Start of Data segment

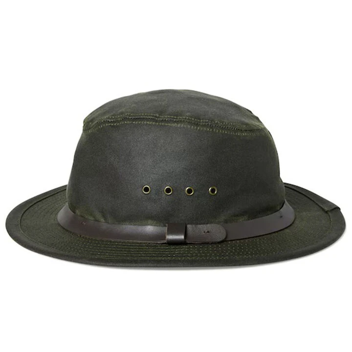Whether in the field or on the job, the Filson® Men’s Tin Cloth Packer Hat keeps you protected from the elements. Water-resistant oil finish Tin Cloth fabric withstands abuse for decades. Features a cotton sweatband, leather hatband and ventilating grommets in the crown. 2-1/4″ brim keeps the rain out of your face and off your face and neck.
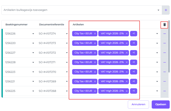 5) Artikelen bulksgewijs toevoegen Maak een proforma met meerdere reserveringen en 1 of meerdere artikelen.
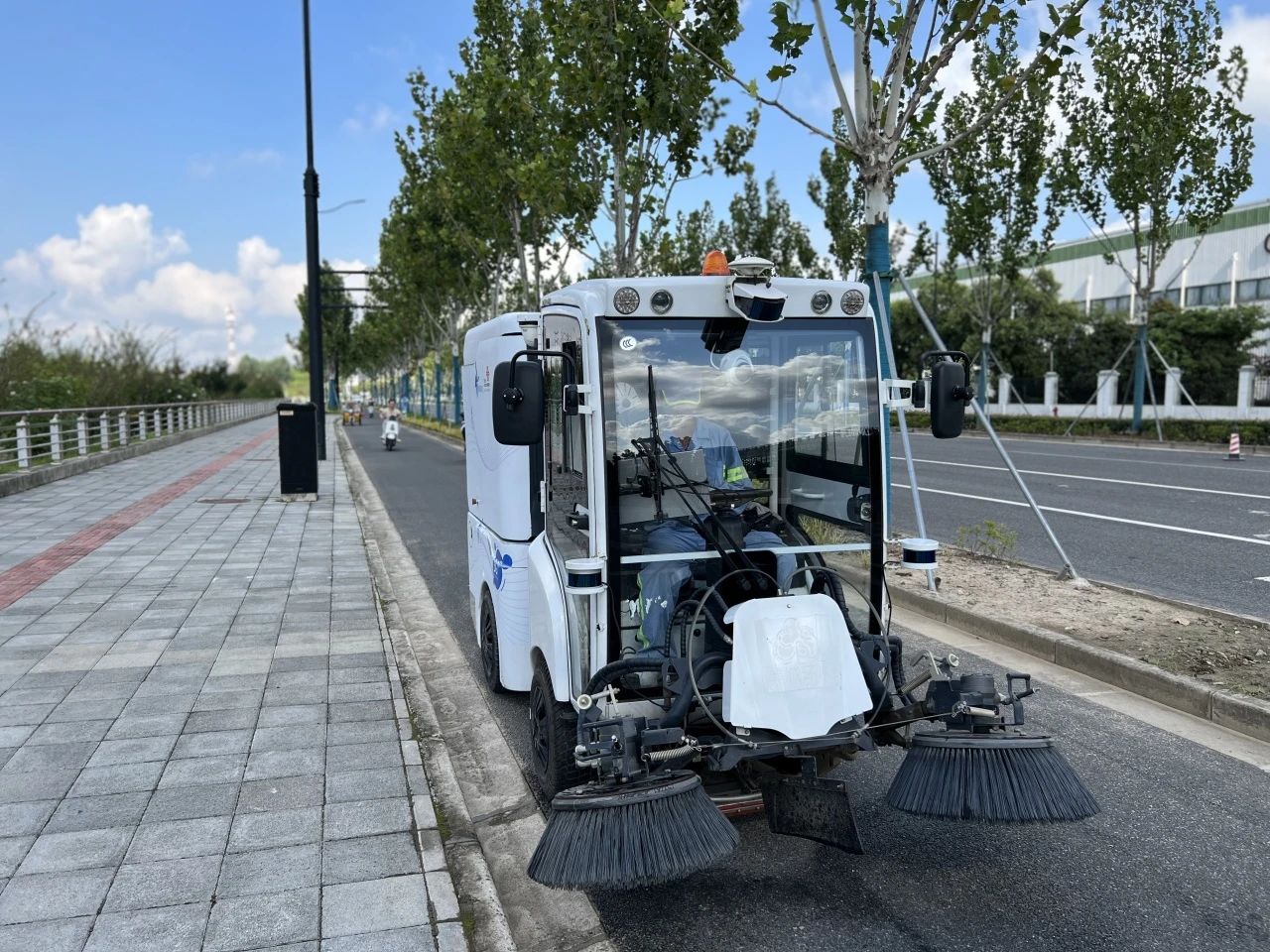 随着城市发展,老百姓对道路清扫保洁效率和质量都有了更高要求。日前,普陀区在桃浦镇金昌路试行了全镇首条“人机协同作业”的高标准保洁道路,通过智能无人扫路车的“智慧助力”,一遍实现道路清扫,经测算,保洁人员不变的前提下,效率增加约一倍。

End of Data segment

**What is expected**
Exactly those lines that run from the line holding "5) Artikelen bulksgewijs" to the end of the listing above, both included, are to be reproduced, with pictures left out.

**Result of this task**
 5) Artikelen bulksgewijs toevoegen Maak een proforma met meerdere reserveringen en 1 of meerdere artikelen.
 随着城市发展,老百姓对道路清扫保洁效率和质量都有了更高要求。日前,普陀区在桃浦镇金昌路试行了全镇首条“人机协同作业”的高标准保洁道路,通过智能无人扫路车的“智慧助力”,一遍实现道路清扫,经测算,保洁人员不变的前提下,效率增加约一倍。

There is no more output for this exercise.